→ **EXERCISE AIM**: After locating the line that bears "7Pcs/Set Professional Eyebrow", restate word for word that line and the rest of the listing to its final line, excluding all pictures.

→ **EXERCISE DATA**:
* * * * * * * * *
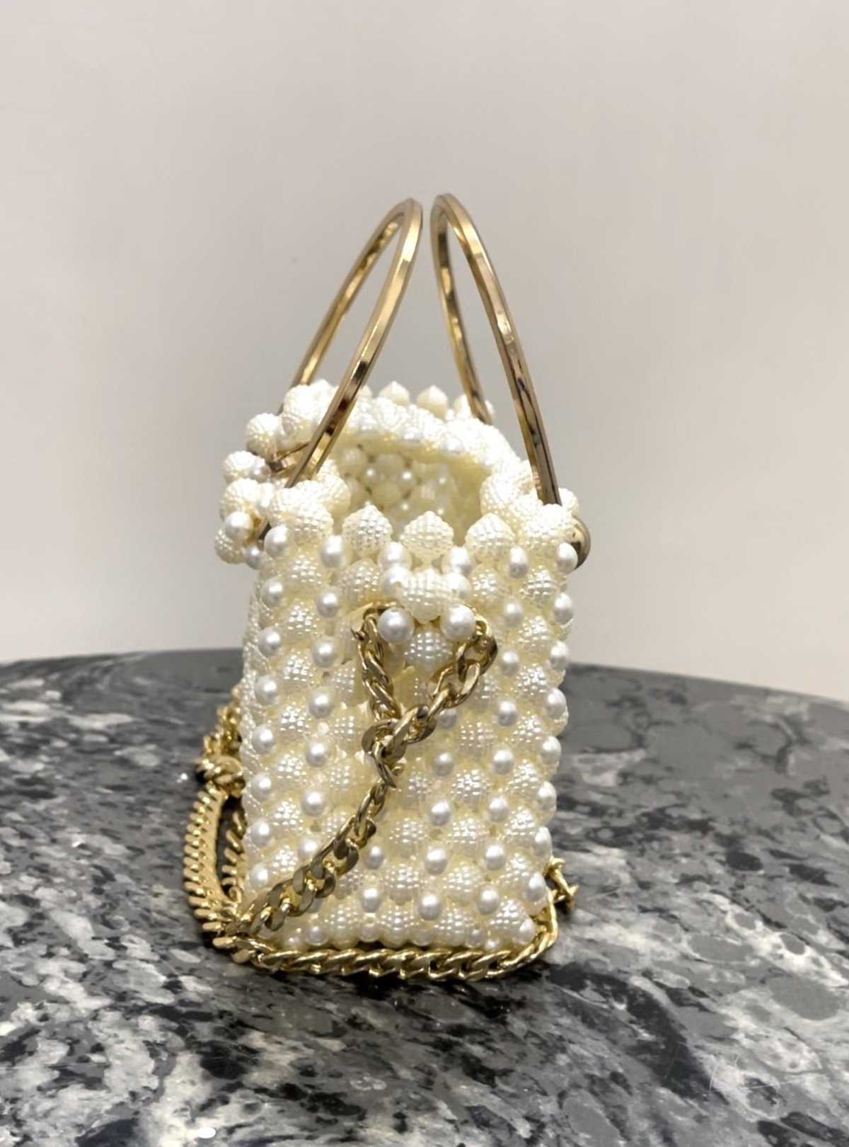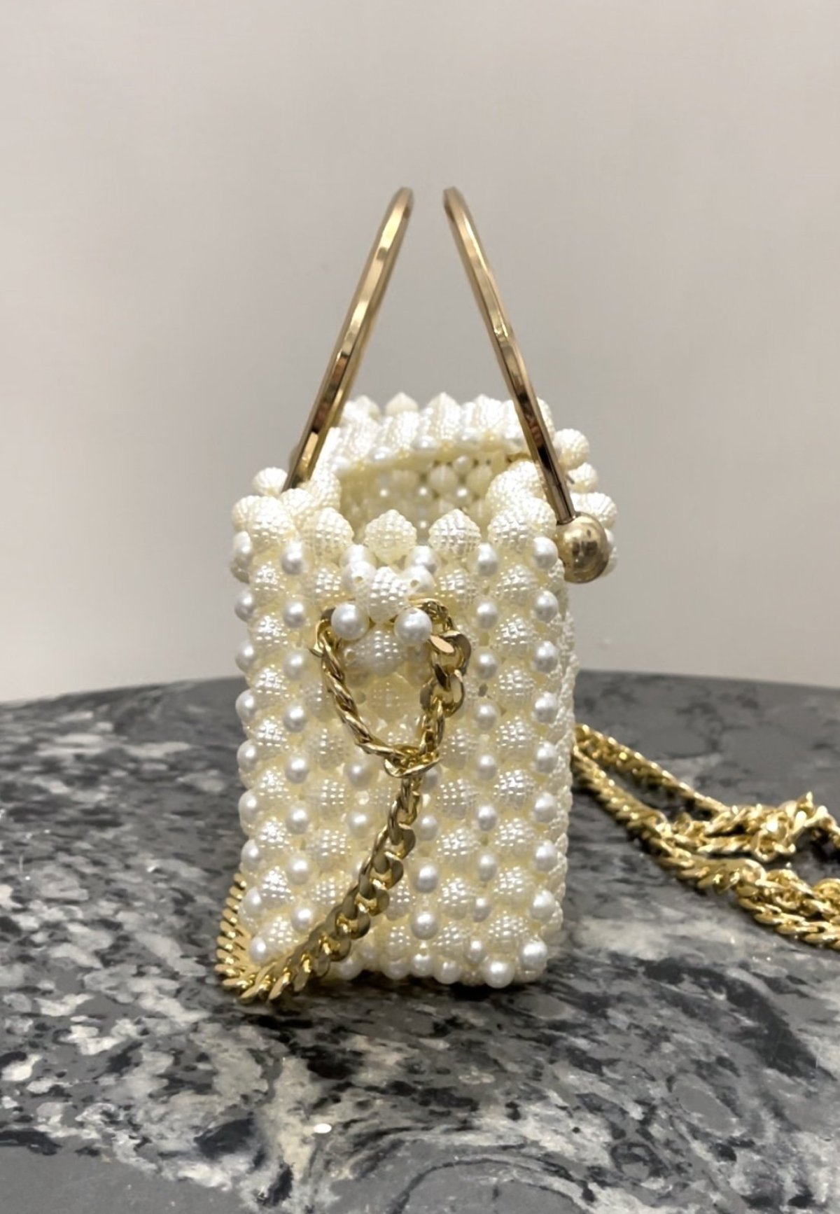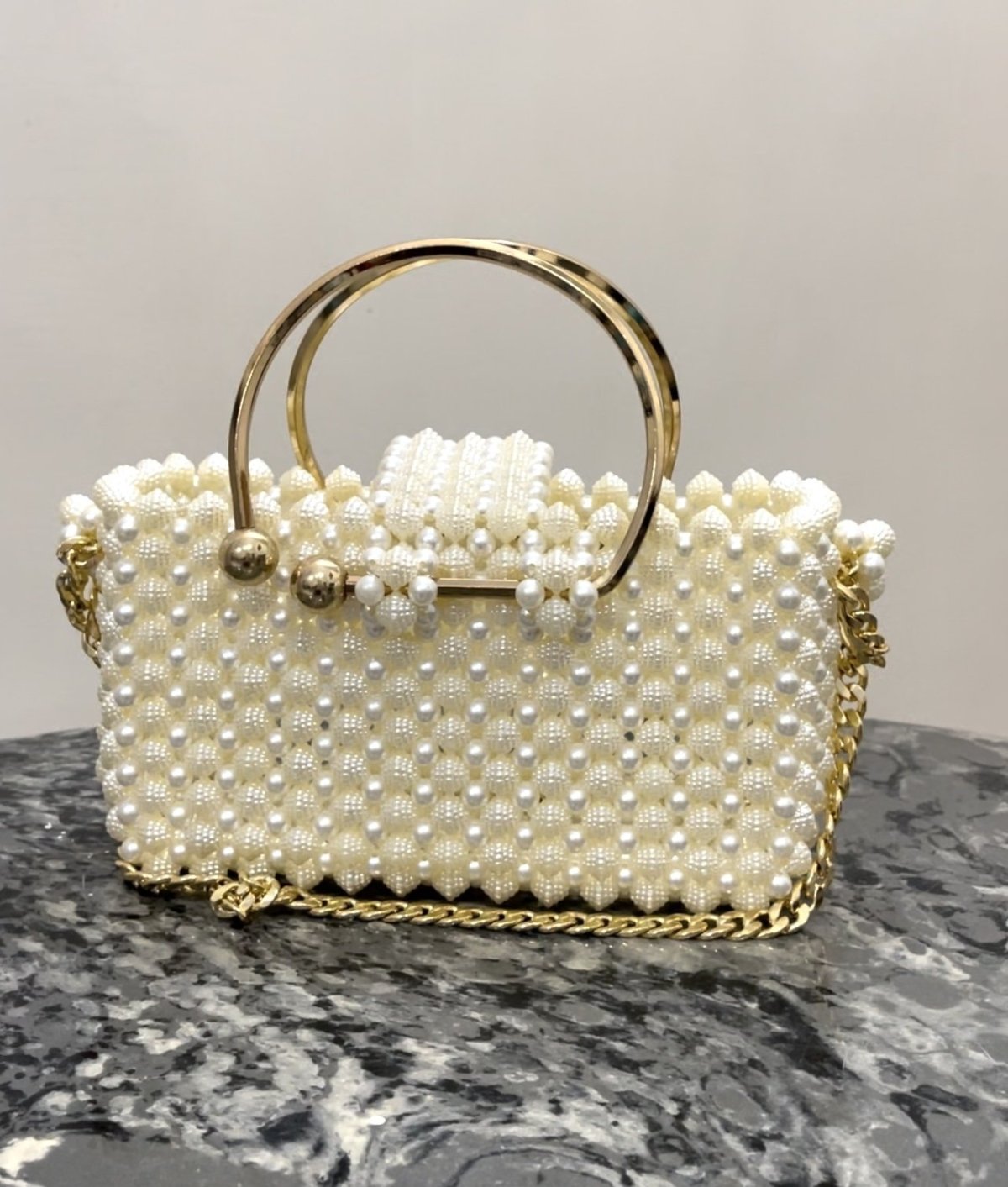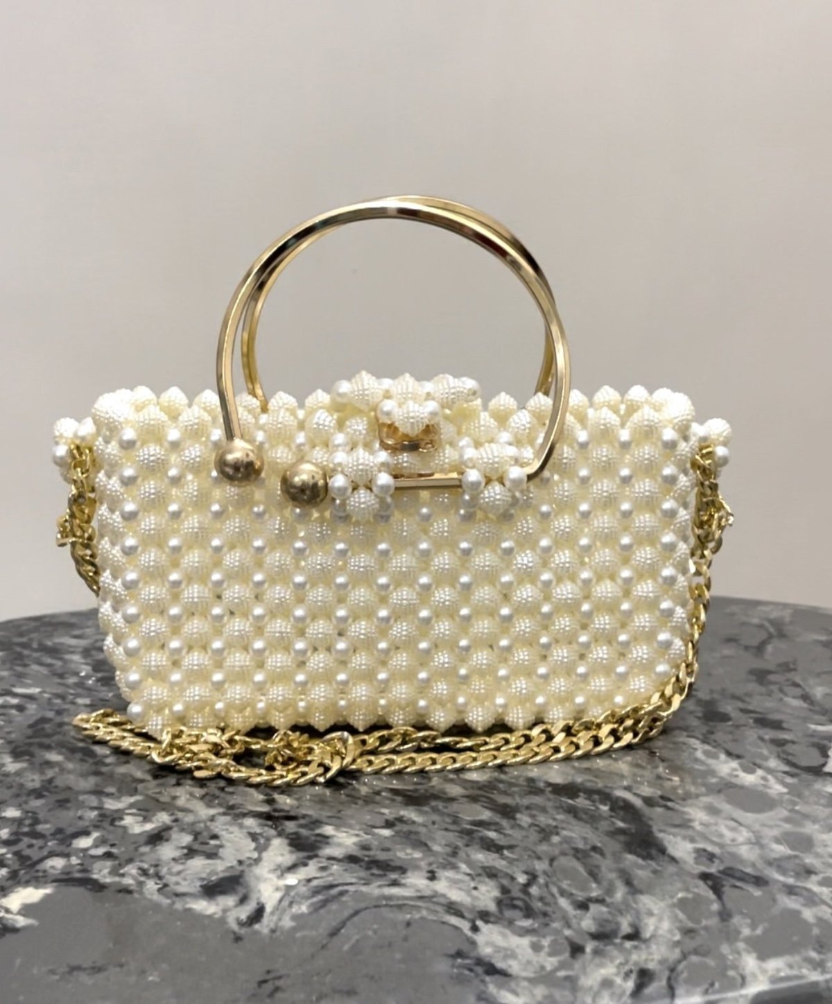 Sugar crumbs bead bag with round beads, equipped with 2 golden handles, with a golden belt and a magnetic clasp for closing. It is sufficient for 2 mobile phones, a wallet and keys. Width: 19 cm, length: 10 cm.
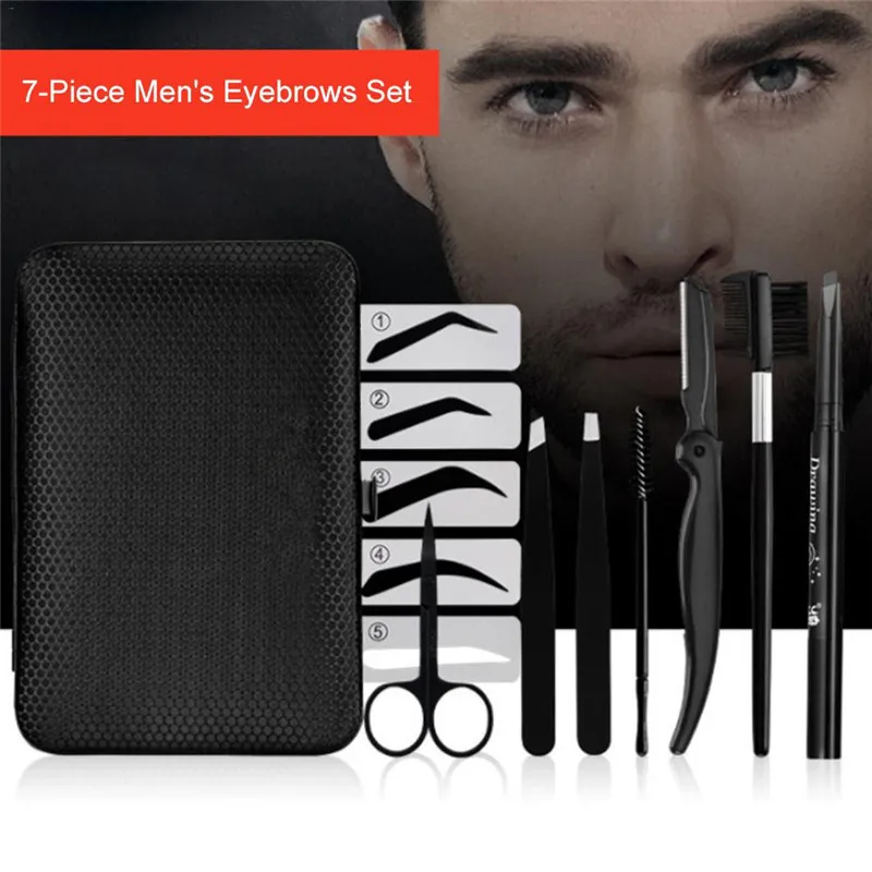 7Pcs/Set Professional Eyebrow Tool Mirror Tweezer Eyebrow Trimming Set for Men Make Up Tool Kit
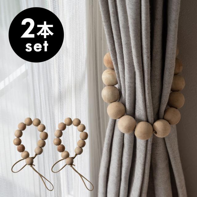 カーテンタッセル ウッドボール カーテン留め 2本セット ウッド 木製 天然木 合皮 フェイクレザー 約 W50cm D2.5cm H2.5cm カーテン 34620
* * * * * * * * *
→ **SOLUTION FOR THIS EXERCISE**:
 7Pcs/Set Professional Eyebrow Tool Mirror Tweezer Eyebrow Trimming Set for Men Make Up Tool Kit
 カーテンタッセル ウッドボール カーテン留め 2本セット ウッド 木製 天然木 合皮 フェイクレザー 約 W50cm D2.5cm H2.5cm カーテン 34620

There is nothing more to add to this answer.